Tuesday, October 13, 2009

tassajara whole wheat bread

This bread is made from a classic Zen monastery recipe. 

The Tassajara Zen Mountain Center in Carmel Valley, California, is the oldest Japanese Buddhist Soto Zen monastery in the US. The Tassajara bread book was published by the monastery personnel in 1970 and it is credited for bringing back artisan bread baking to America. After this book was published, everyone realized that they could make bread at home, so a huge movement for eating home-made, not store-bought bread started, and it continues today.

The recipes in the Tassajara Bread Book are quire liberal, and they don't specify exactly what amounts or ingredients you need. It's more of a "you could add something sweet if you wanted, but you don't have to, and you should do just want you want to do with your loved loaf" kind of idea. In any case, I ended up coming up with this recipe with ideas from the book. It makes some amazing bread!


2 cups whole wheat flour
1 1/2 cups white bread flour
1/2 Tbsp active dry yeast
3/8 cup brown sugar (or molasses)
1/2 cup powdered milk
1/2 cup crushed oats
1 1/2 cups water (at room temperature)
1 egg


Whisk together the flours, yeast, sugar, milk, and oats. Add the water, egg, and a little bit of warm milk if you want to have creamy bread.
Mix the ingredients until you get a dough that comes off the sides of the bowl.
Take out and knead for 10 minutes.
Let rest for 20 minutes.
Knead again for 5 minutes.
Let rise for 1 hour in a warm place (in a bowl covered by plastic).

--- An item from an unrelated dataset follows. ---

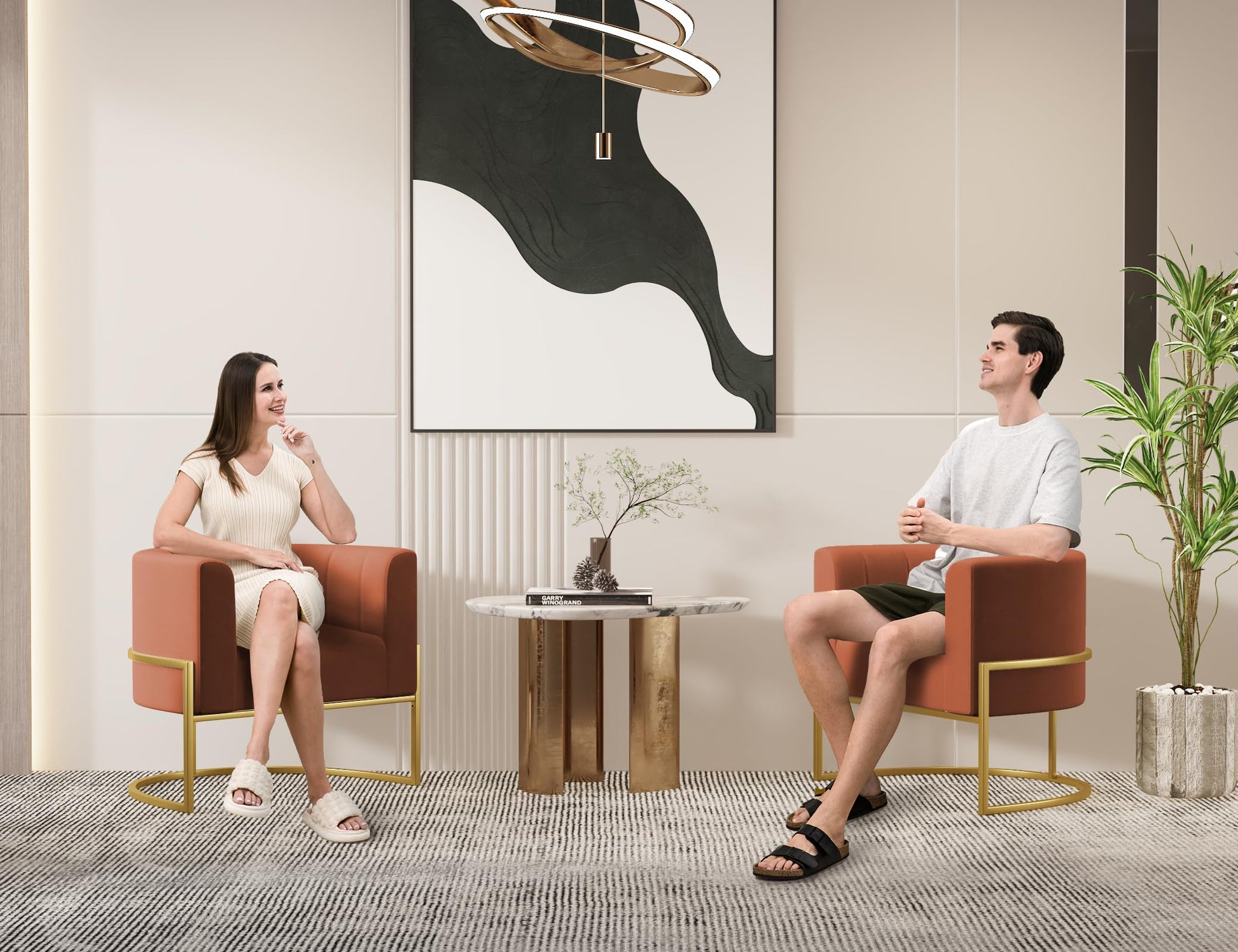 - The velvet accent chair chair boasts a golden iron frame that adds sophistication. Its sleek, modern look is ideal for both living spaces and office settings.

The dough should have doubled in volume.
Take out, cut in half and form. You can either make a loaf (left in the picture) or a boule (right in the picture). 
To make a loaf, take one of the halves and flatten it into a rectangle. Do a business-letter fold and turn 90 degrees. Start rolling from the side farther away from you, and as you roll in, press down with your fingers to seal the dough and to stretch it a little on the roll. When it's ready, put it on a heavily-floured towel and put some plastic wrap on top of it so it doesn't dry out.
To make a boule, take one of the halves and shape it into a ball. Seal the bottom and put it in a bowl covered with a heavily-floured towel seam-side down. Put some plastic wrap on top of the bowl so it doesn't dry out.
Let proof for one hour. At this time start preheating the oven. Preheat the oven with the baking stone inside at 450 F at least an hour before baking. If using a baking sheet, don't preheat the sheet.
Uncover the dough, rub some flour on it, and slice/score it however you want (I made two almost vertical lines side-by-side on the loaf, and I made a square on the boule).
Put proofed dough in the oven and toss some water in before closing the door to create steam. Let bake until the crust is golden brown and the bread sounds hollow when you tap it.

Recipe from the Tassajara Bread Book.